* _TASK TO CARRY OUT_: Retype nothing but the lines from the start of the material up to and including the line with "UN ESTERNO DELL'AZIENDA". Pictures don't belong in the copy.
***** DATA EXCERPT
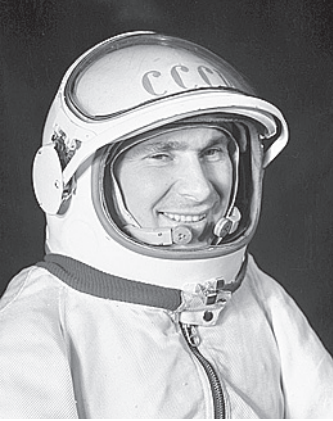
Воложанин Павел Беляев стал советским космонавтом № 10.

Каким он парнем был! Выставка «Космонавты первого набора», рассказывающая о малоизвестных страницах из жизни пока еще единственного вологодского покорителя орбитальных просторов Павла Беляева, открылась недавно в Подмосковье.
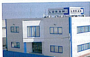
UN ESTERNO DELL'AZIENDA

ture idonee. Il gruppo fornisce anche servizi post vendita, con formazione del personale. Loran si candida inoltre come partner nella progettazione e produzione di software per la gestione dei reparti ospedalieri: dall'accettazione alla dimissione del paziente con cartella clinica informatizzata. Le soluzioni software proposte da Loran sono realizzate nel rispetto di tutti gli standard nazionali e internazionali.
**********
* _RESULT FOR THIS TASK_:
Воложанин Павел Беляев стал советским космонавтом № 10.

Каким он парнем был! Выставка «Космонавты первого набора», рассказывающая о малоизвестных страницах из жизни пока еще единственного вологодского покорителя орбитальных просторов Павла Беляева, открылась недавно в Подмосковье.
UN ESTERNO DELL'AZIENDA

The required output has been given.